The problem with these third parties should be obvious to anyone who lived through 2008. Our most esteemed financial, banking, and accounting firms LIED to millions of investors about the value of their products and services. The result? A crash in wealth that hammered the bottom-dwellers in our social pyramid disproportionately. The “trust” so important in “trusted” third parties was eroded, perhaps for good. The problem of course is that there is no alternative. We have to have these institutions so that we can have commerce and we can pass our money around in transactions so that we can earn our livelihoods and pay our bills and buy our goods and services.
The other problem is one of centralization. A smaller and smaller number of entities increasingly have oversight over larger and larger concentrations of wealth. Any breach, via outside parties or (most likely) via internal corruption will impact everyone within that organization’s reach. That’s a lot of businesses, big and small, and a lot of people, rich and not-so-rich. We saw that happen in 2008.
So it pays to be mistrustful. But since we need trust to continue our commerce, what’s to be done? Technology, perhaps, is providing a solution path. Computer science has long been fascinated by problems such as “double-spending.” How do you make sure that a digital transaction (like a credit card payment) is done only once, or, that once done, can’t be un-done or re-done? The dishonest buyer would like to buy something but then defraud the seller by reversing or withholding payment. The dishonest seller would like to defraud the buyer by a double-charge for the good or service or withhold such things entirely yet still receive payment.
Enter the blockchain. In this model, trust emerges via cryptography and a peer-to-peer network. Mistrust is taken as the modus operandi. Since we all mistrust each other, the only way to generate trust is to have an entirely open transaction ledger. Everyone can see that transactions are occurring and everyone can verify that such transactions are legitimate.
The first leg of such an apparatus is the cryptography part. We can encrypt our transactions so that we have privacy. After all, we don’t want everyone to know what our transactions are, just that they occurred and were accepted in the ledger as valid. Think about stock tickers: they tell us that shares were bought and sold and for what prices but not who did the buying and selling. Also, the transactions get lumped together into blocks, which are then encrypted, as well as stamped with date and time tags. As blocks get created, they are linked into chains, which are validated by their length and chronology. The longest chain is the newest version of the ledger, and the honest users of the network default to that version.
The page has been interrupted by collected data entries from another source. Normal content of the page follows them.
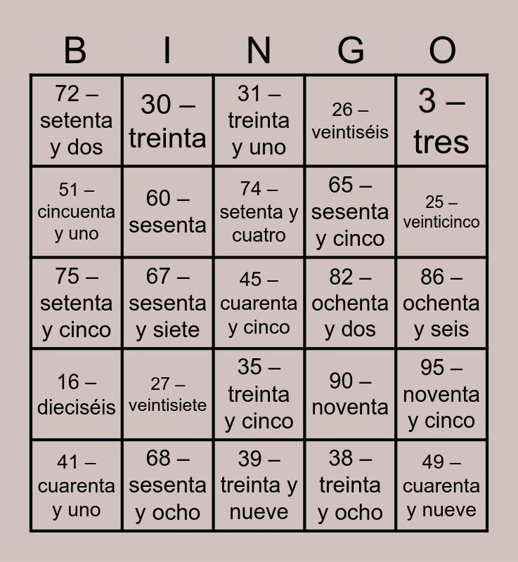 This bingo card has 101 words: 1 – uno, 2 – dos, 3 – tres, 4 – cuatro, 5 – cinco, 6 – seis, 7 – siete, 8 – ocho, 9 – nueve, 10 – diez, 11 – once, 12 – doce, Free!, 13 – trece, 14 – catorce, 15 – quince, 16 – dieciséis, 17 – diecisiete, 18 – dieciocho, 19 – diecinueve, 20 – veinte, 21 – veintiuno, 22 – veintidós, 23 – veintitrés, 24 – veinticuatro, 25 – veinticinco, 26 – veintiséis, 27 – veintisiete, 28 – veintiocho, 29 – veintinueve, 30 – treinta, 31 – treinta y uno, 32 – treinta y dos, 33 – treinta y tres, 34 – treinta y cuatro, 35 – treinta y cinco, 36 – treinta y seis, 37 – treinta y siete, 38 – treinta y ocho, 39 – treinta y nueve, 40 – cuarenta, 41 – cuarenta y uno, 42 – cuarenta y dos, 43 – cuarenta y tres, 44 – cuarenta y cuatro, 45 – cuarenta y cinco, 46 – cuarenta y seis, 47 – cuarenta y siete, 48 – cuarenta y ocho, 49 – cuarenta y nueve, 50 – cincuenta, 51 – cincuenta y uno, 52 – cincuenta y dos, 53 – cincuenta y tres, 54 – cincuenta y cuatro, 55 – cincuenta y cinco, 56 – cincuenta y seis, 57 – cincuenta y siete, 58 – cincuenta y ocho, 59 – cincuenta y nueve, 60 – sesenta, 61 – sesenta y uno, 62 – sesenta y dos, 63 – sesenta y tres, 64 – sesenta y cuatro, 65 – sesenta y cinco, 66 – sesenta y seis, 67 – sesenta y siete, 68 – sesenta y ocho, 69 – sesenta y nueve, 70 – setenta, 71 – setenta y uno, 72 – setenta y dos, 73 – setenta y tres, 74 – setenta y cuatro, 75 – setenta y cinco, 76 – setenta y seis, 77 – setenta y siete, 78 – setenta y ocho, 79 – setenta y nueve, 80 – ochenta, 81 – ochenta y uno, 82 – ochenta y dos, 83 – ochenta y tres, 84 – ochenta y cuatro, 85 – ochenta y cinco, 86 – ochenta y seis, 87 – ochenta y siete, 88 – ochenta y ocho, 89 – ochenta y nueve, 90 – noventa, 91 – noventa y uno, 92 – noventa y dos, 93 – noventa y tres, 94 – noventa y cuatro, 95 – noventa y cinco, 96 – noventa y seis, 97 – noventa y siete, 98 – noventa y ocho, 99 – noventa y nueve and 100 – cien.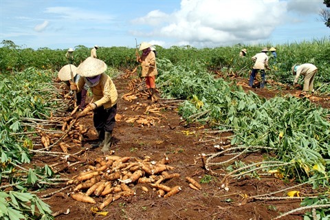 | Récolte de manioc dans la province centrale de Phu Yên. |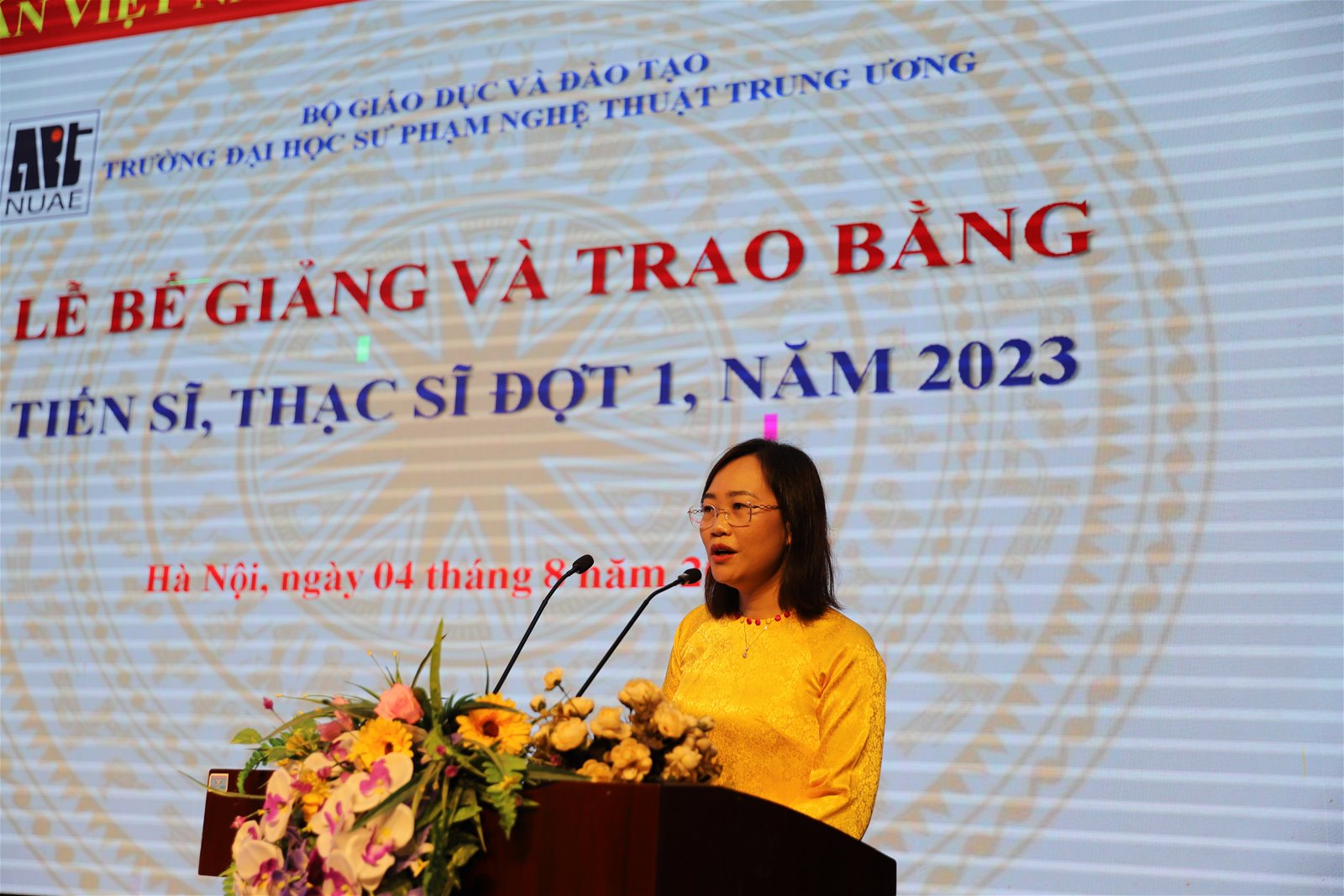 Phát biểu tại buổi lễ, thay mặt Đảng ủy, Ban Giám hiệu Nhà trường, PGS.TS.NGƯT. Đào Đăng Phượng – Hiệu trưởng Nhà trường đã nhiệt liệt chúc mừng thành công của các tân Tiến sĩ, tân Thạc sĩ; đồng thời khẳng định đây không chỉ là niềm vinh dự cho bản thân, gia đình, cơ quan công tác và cả Nhà trường ĐHSP Nghệ thuật TW. PGS.TS. Đào Đăng Phượng đã ghi nhận, động viên đến toàn thể cán bộ, giảng viên và các nghiên cứu sinh, học viên đã luôn đồng hành, chia sẻ cùng Nhà trường vượt qua những khó khăn thử thách, đặc biệt trong bối cảnh toàn xã hội và nền giáo dục nước nhà phải đối mặt với đại dịch Covid -19 vừa qua, để có được kết quả đáng tự hào như hôm nay.

The second leg is the peer-to-peer or distributed computer network. Instead of a central authority, there is a majority consensus of users. If more nodes on the network containing the blockchain are honest, and follow the protocols to add transactions to the blocks and blocks to the chain, the result will be an honest, up-to-date, distributed shared ledger. In order for the dishonest nodes to compromise the network there would have to be a majority of dishonest nodes. As the blockchain is built, and tagged with time and date stamps as well as the digital “signatures” validating the encrypted information, it gets harder and harder to defraud. Each encrypted block requires significant computing resources to “crack” the code, and once cracked puts a break in the chain. The entire blockchain would then have to be rebuilt from the beginning. Thus the nodes (i.e., users) on the network can “see” the invalid blocks and reject that copy of the blockchain. The crooks would constantly be playing catch-up as the distributed nature of the blockchain means that the newest, longest version will always be the accepted one.
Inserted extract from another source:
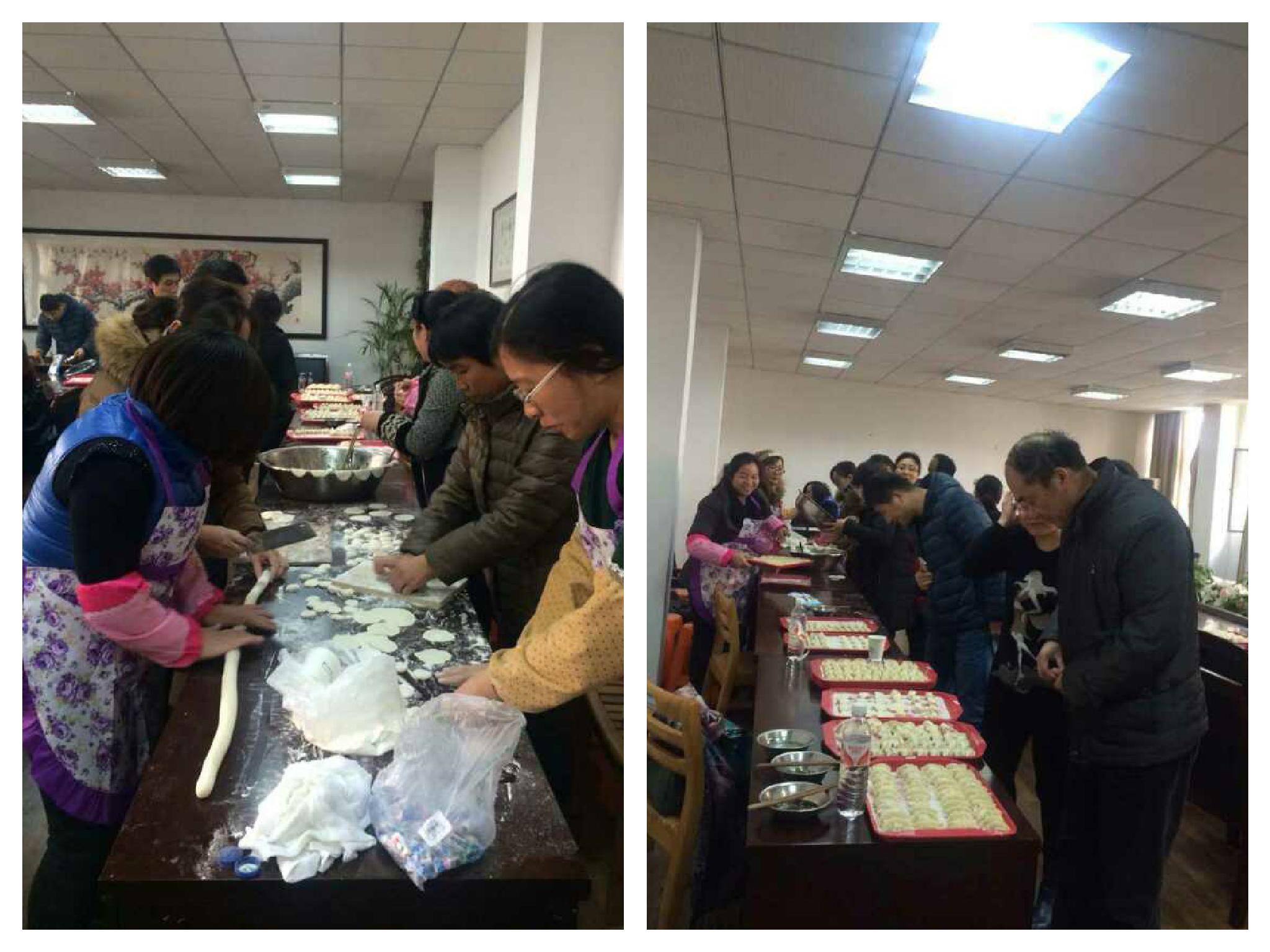 12月31日中午,学生公寓服务中心在22号楼会议室举办了“喜迎新年—包饺子大赛”活动,各楼生活指导老师及以上人员30余人参加了此次活动。学工部部长潘申洲、公司领导冯伟明、朱培华、王劲峰等应邀来到现场与大家共迎新年。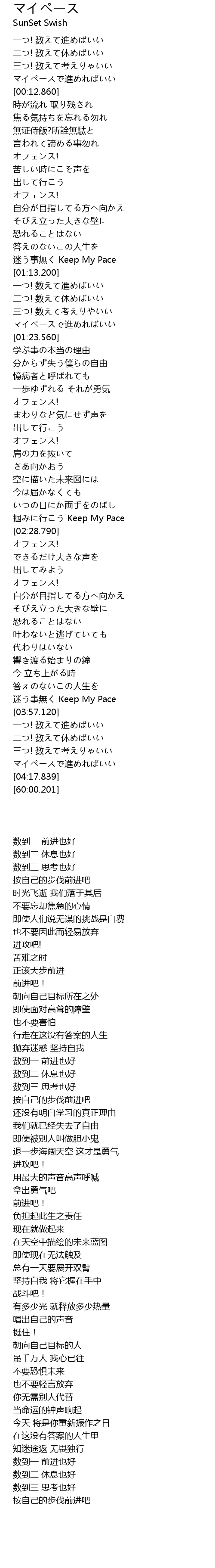 | [03:50.099] | 迷う事無く Keep My Pace |

I know my half-assed description will make the computer scientists howl, and perhaps make my readers skip ahead, but it’s the best I can do so far. I’m still trying to wrap my head around these concepts.
What I find intriguing is this “wisdom of the crowds” approach. Instead of relying on gatekeepers, which is what our financial institutions have become, we rely on our individual self-interest. We are motivated by self-protection as we want to be able to do commerce with strangers over the internet. So we participate in the distributed ledger by hosting it on our computers and interacting with it according to the established schemes for performing the transactions. Note that one does not have to have the entire blockchain (think of it like a database) in memory, just the “headers” of the blocks, or the identifying labels. It’s like knowing you have a legitimate copy of today’s paper by checking the date and skimming a few headlines (I’d be checking the baseball scores!). You don’t have to have the whole paper or scan the articles.
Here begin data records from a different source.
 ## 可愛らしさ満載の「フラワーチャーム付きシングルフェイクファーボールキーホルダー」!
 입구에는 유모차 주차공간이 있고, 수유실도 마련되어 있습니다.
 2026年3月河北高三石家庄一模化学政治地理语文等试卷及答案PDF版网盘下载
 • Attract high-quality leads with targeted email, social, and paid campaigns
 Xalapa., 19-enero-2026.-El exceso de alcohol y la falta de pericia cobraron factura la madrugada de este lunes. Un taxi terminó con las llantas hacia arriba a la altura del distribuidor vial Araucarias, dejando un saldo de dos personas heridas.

Bitcoin is the most famous application of the blockchain. Users are rewarded with a digital currency, the bitcoin, for performing what are chain maintenance tasks. They check the blocks using “proof-of-work” algorithms that verify that they are tagged properly and in the chain in the proper sequence. Perhaps to have nodes join the network there would have to be some kind of transaction fee to provide additional motivation so that users would stay involved and continue to host the information.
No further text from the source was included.